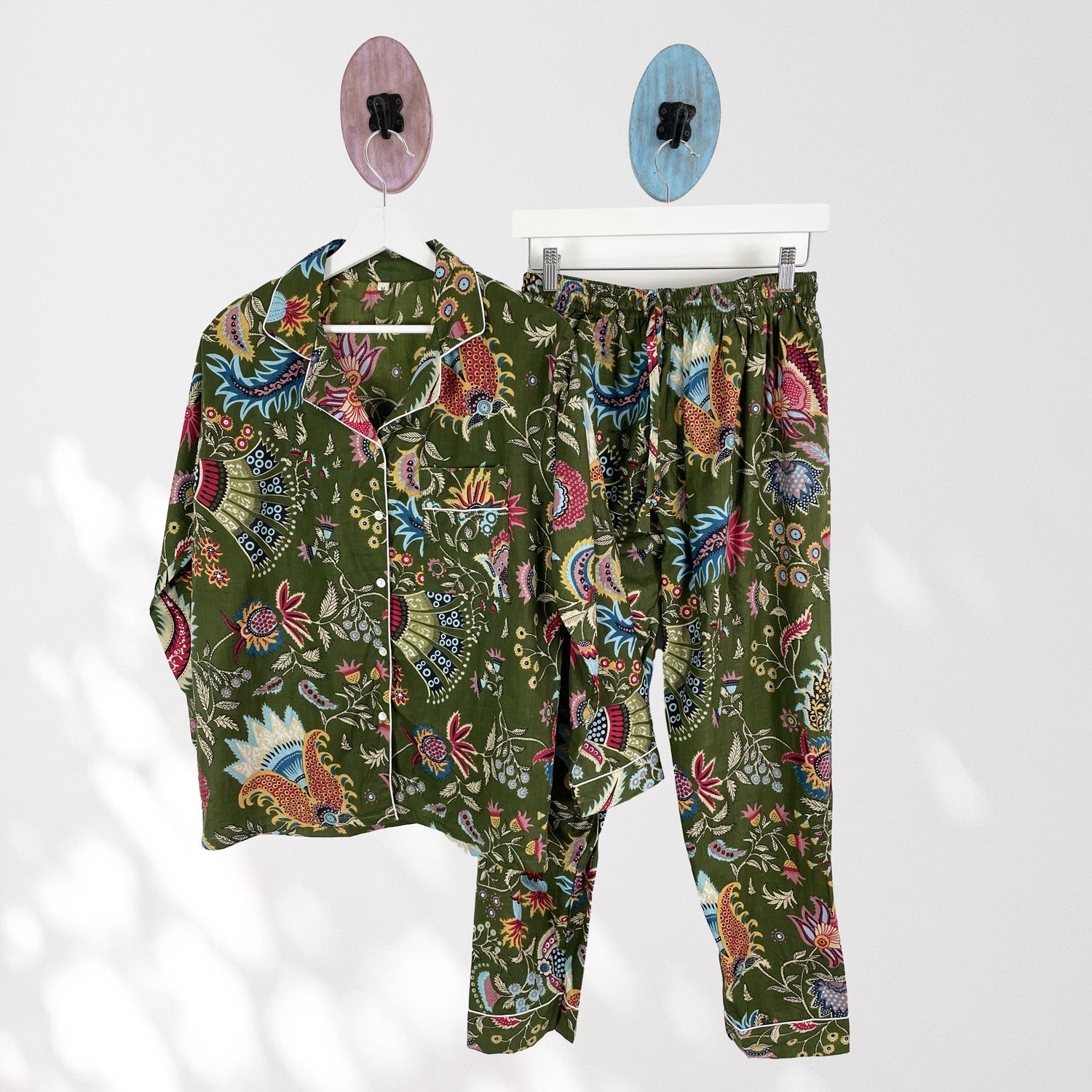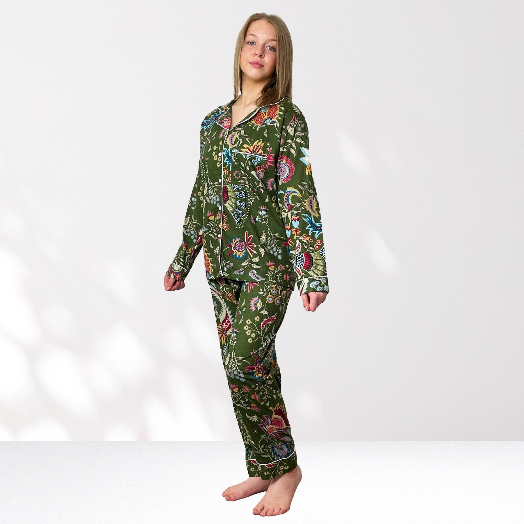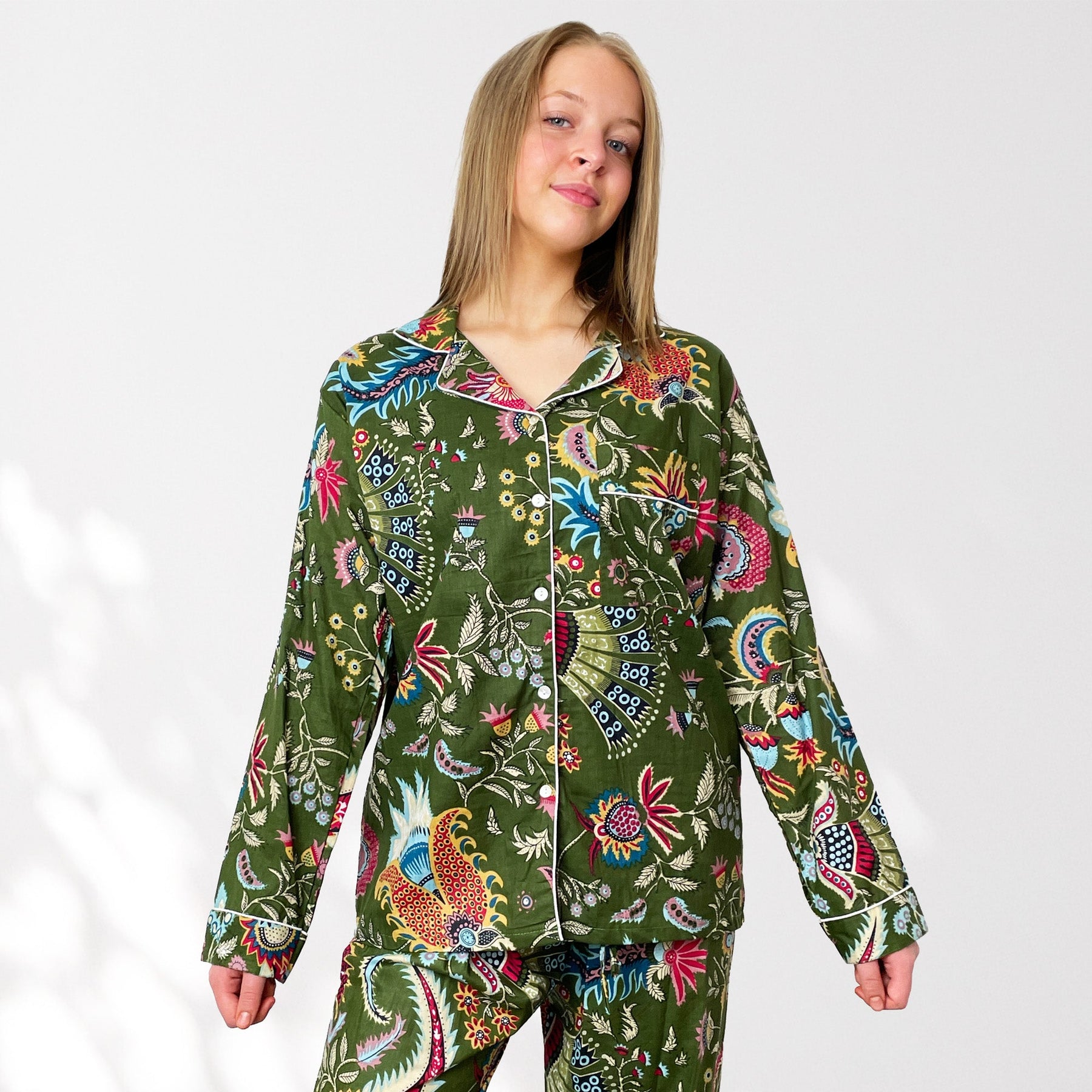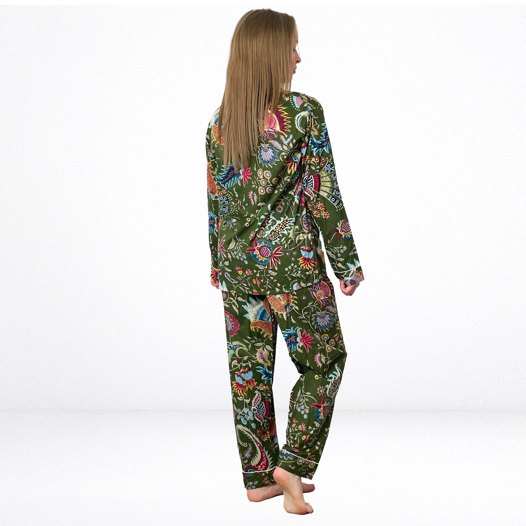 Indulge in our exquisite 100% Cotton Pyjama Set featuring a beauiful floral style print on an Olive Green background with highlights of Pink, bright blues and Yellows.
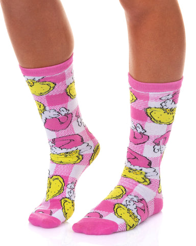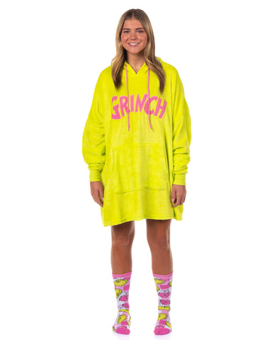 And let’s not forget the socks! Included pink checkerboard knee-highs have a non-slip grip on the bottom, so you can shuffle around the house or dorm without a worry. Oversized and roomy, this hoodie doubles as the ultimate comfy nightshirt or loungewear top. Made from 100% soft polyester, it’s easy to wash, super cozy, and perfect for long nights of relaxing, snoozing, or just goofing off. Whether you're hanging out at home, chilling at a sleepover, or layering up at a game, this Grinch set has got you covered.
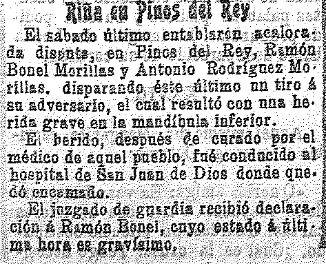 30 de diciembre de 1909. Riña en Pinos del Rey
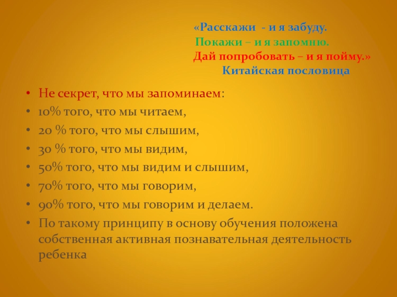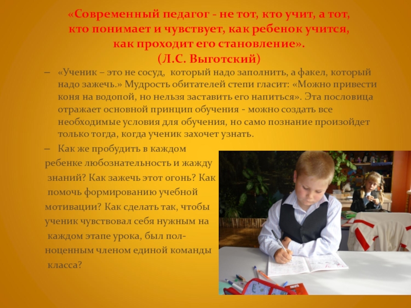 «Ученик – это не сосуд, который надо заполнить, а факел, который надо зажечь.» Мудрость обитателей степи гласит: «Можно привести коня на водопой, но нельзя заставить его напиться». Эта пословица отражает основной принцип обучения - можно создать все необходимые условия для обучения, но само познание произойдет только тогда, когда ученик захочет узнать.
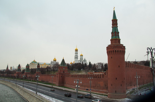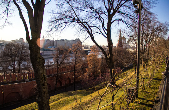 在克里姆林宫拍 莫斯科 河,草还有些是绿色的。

▶ **Assigned task**:
Print every line of the data exactly. Pictures do not belong in the copy.

▶ **Exercise response**:
 Indulge in our exquisite 100% Cotton Pyjama Set featuring a beauiful floral style print on an Olive Green background with highlights of Pink, bright blues and Yellows.
 And let’s not forget the socks! Included pink checkerboard knee-highs have a non-slip grip on the bottom, so you can shuffle around the house or dorm without a worry. Oversized and roomy, this hoodie doubles as the ultimate comfy nightshirt or loungewear top. Made from 100% soft polyester, it’s easy to wash, super cozy, and perfect for long nights of relaxing, snoozing, or just goofing off. Whether you're hanging out at home, chilling at a sleepover, or layering up at a game, this Grinch set has got you covered.
 30 de diciembre de 1909. Riña en Pinos del Rey
 «Ученик – это не сосуд, который надо заполнить, а факел, который надо зажечь.» Мудрость обитателей степи гласит: «Можно привести коня на водопой, но нельзя заставить его напиться». Эта пословица отражает основной принцип обучения - можно создать все необходимые условия для обучения, но само познание произойдет только тогда, когда ученик захочет узнать.
 在克里姆林宫拍 莫斯科 河,草还有些是绿色的。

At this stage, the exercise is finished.